Phosphorylation by CK2 enhances the interaction between ORF57 and hnRNP K proteins. (A) BCBL-1 cells were transfected with either pEGFP-gORF57 FL or pEGFP-C1, and with pCH110 encoding β-Gal as an internal control for transfection efficiency, and then were either treated with TPA (lanes 1–4) or left untreated (lanes 5–8). Immunoprecipitates of cell extracts obtained with anti-hnRNP K Ab were separated by SDS–PAGE and western blotted with anti-GFP Ab using the following: pEGFP-gORF57 FL (lanes 1 and 5); pEGFP-gORF57 FL + 5 μM DRB (lanes 2 and 6); pEGFP-C1 (lanes 3 and 7); pEGFP-C1 + 5 μM DRB (lanes 4 and 8). Position of GFP-ORF57 FL is indicated by an arrow. (B) HnRNP K protein is differentially phosphorylated by CK2 in TPA-treated as compared to untreated BCBL-1 cells. TPA-treated or untreated BCBL-1 cells in the presence or absence of 5 μM DRB were labelled with [³²P]-orthophosphate for 6 h.
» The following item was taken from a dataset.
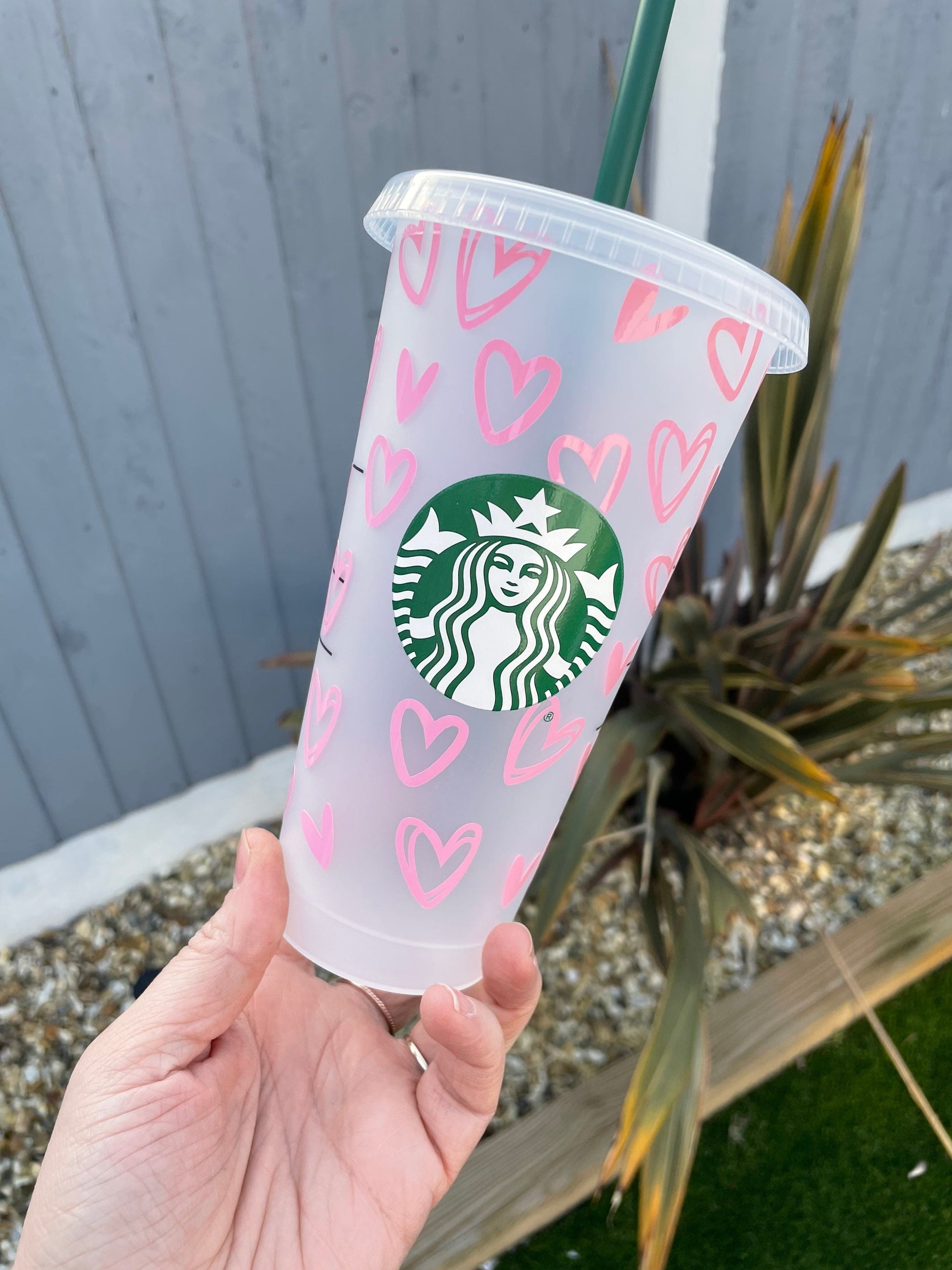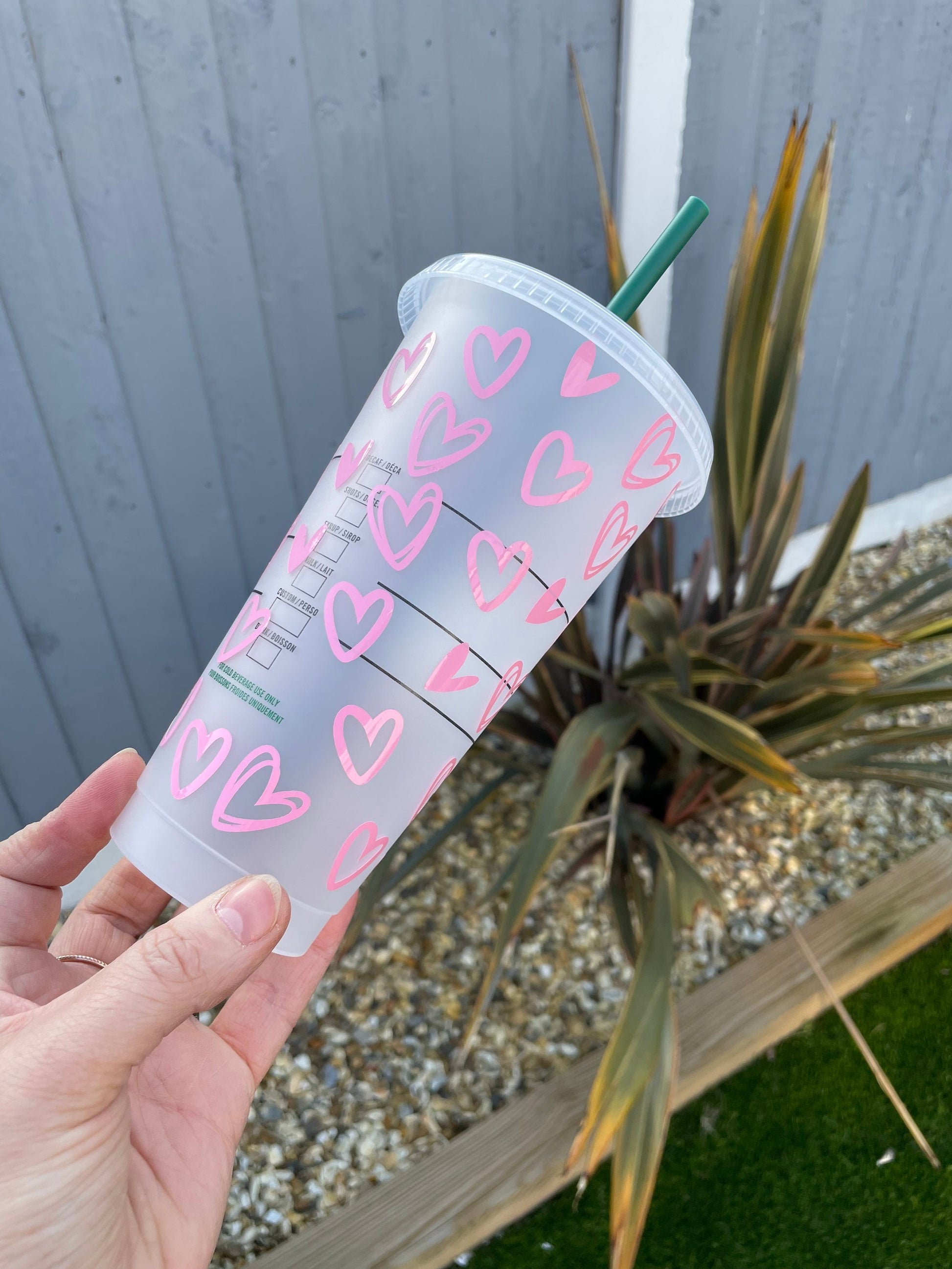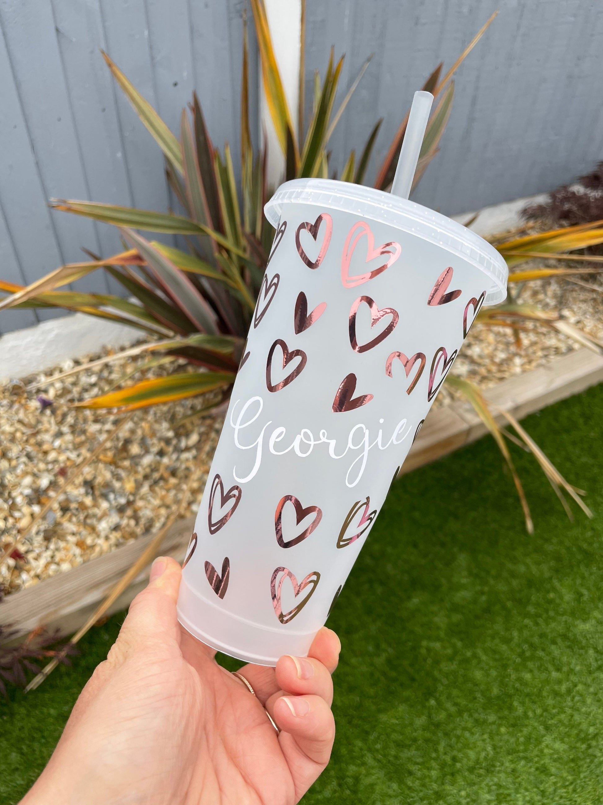 Personalised plastic cup, drinks tumbler, drinking bottle, cold cup, love hearts plastic cup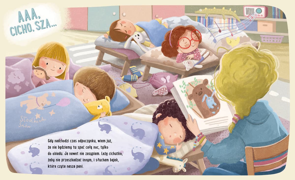 Jeśli zbliża się moment, w którym i Wasze dziecko pójdzie do przedszkola, ta książeczka pomoże całej rodzinie oswoić się z nową sytuacją. Ciepłe i pogodne ilustracje pokazujące wnętrze przedszkola i wybrane chwile z przebiegu dnia zachęcą do radosnego wyczekiwania, a wspólne czytanie stanie się pretekstem do rozmów. Dzięki temu Wasze dziecko będzie spokojniejsze i z radością powita nowych kolegów.

Immunoprecipitates obtained using anti-hnRNP K Ab were separated by SDS–PAGE, followed by autoradiography using the following: TPA-treated (lanes 1 and 2); untreated cell extracts (lanes 3 and 4); in presence of DRB (lanes 1 and 3). (C) Western blotting using anti-hnRNP K Ab of anti-hnRNP K Ab immunoprecipitates used in Figure 8A from the TPA-treated transfected BCBL-1 cell extracts (lanes 1–4) and used in Figure 8B from [³²P]-orthophosphate labelled cell extracts (lanes 5–8). (D and E) Extracts of BCBL-1 cells untreated or treated with TPA at various time points were western blotted with either a mixture of anti-CK2 α and β subunit Abs (Figure 8D) or anti-hnRNP K Ab (Figure 8E) using the following: untreated cells (lane 1); TPA-treated from 0–72 h (lanes 2–7). Approximately equal amounts of CK2 subunits or hnRNP K protein were present; IP, immunoprecipitation; W.blot, western blotting.